I'm going over NQA's test coverage right now. I added tests to some areas that desperately needed tests, and several code paths that weren't tested. The best parts were that I found pieces of dead code that I could just remove. As usual, ReSharper is invaluable in finding those parts.

I'm partly dog-fooding Rhino Mocks, and I got some interesting ideas for improvement, and partly to actually get a better code coverage on NQA :-) [I just thought that I've found a bug in NQA, but it was in my tests.]

I didn't have much chance to touch certain parts of the code, specifically, the SchemaEditing parts, and going over the tests is a great way to reacquaint myself with what is going on there. 
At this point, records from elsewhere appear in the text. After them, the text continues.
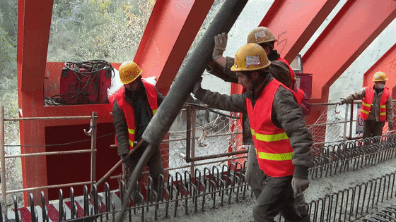 9日下午,记者在河夹镇西十高铁湖北段火车岭隧道口进口看到,一辆辆满载混凝土的运输车陆续到达现场,在机械臂的作用下,砂浆被灌注至移动模架的梁体当中。工人们一边进行振捣作业,一边为浇筑的梁体用上保暖装备。
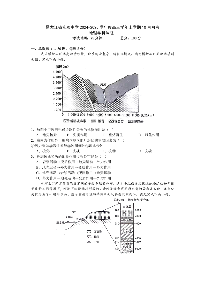 黑龙江省实验中学2024-2025学年高三上学期10月月考 地理
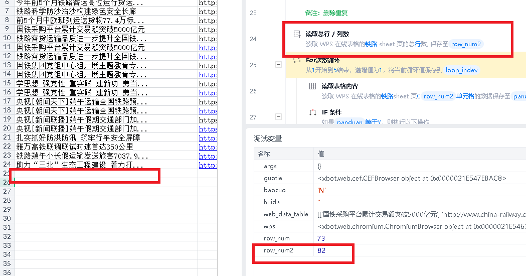 如下图,总行数明显时24,但因为我曾经用过第82行(已经删除内容,但没有全选这行 删除行),就获取总行数是82
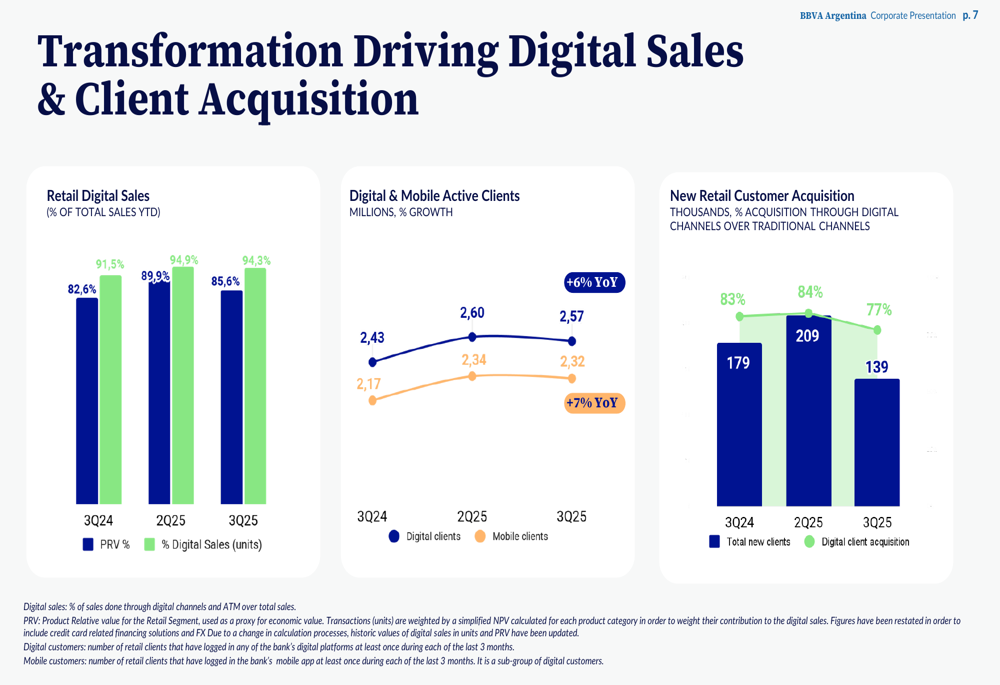 A bright spot in BBVA Argentina’s presentation was the continued progress in digital transformation. The bank reported steady growth in digital sales, mobile active clients, and new customer acquisition through digital channels.
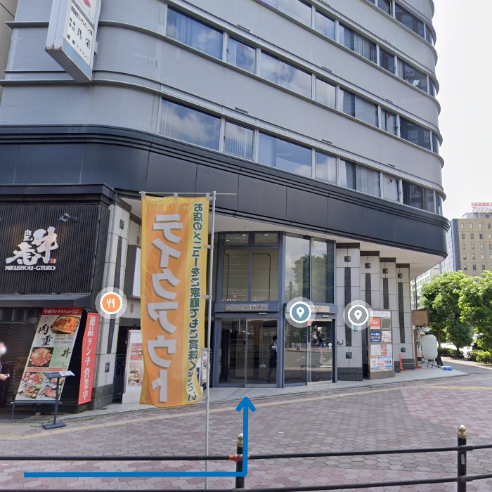 5分ほど直進し、大きい交差点の角に見えるビルに弊社オフィスがございます。
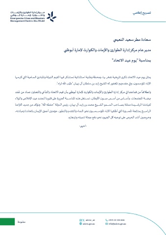 يبظوبأ ةراملإ ثراوكلاو تامزلأاو ئراوطلا ةرادإ زكر م  ماع ريد م

On the other hand, it's kind of depressing, I look over the list, and there is so much red there... :-( I'm currently reading Working Effectively With Legacy Code right now, and the definition there is "Legacy Code is code without tests."  On the third hand*, the book offer good advice about how to handle that. I wish I would've read it five months ago, I would've made a lot of different choices in how to bring NQA to the Fun-To-Work-With world.

I've finished reading  Extreme Programming Explained : Embrace Change (2nd Edition), and I'm not sure what to think. On one hand, it's the first book that actually made me put it down and reach for the code. On the other hand, it seems that it's not quite an introductory text but more of a guide. It wasn't what I expected, that is certain. I think I'll need to re-read that (which I don't usually do for tech books) to really grok what Kent is trying to say.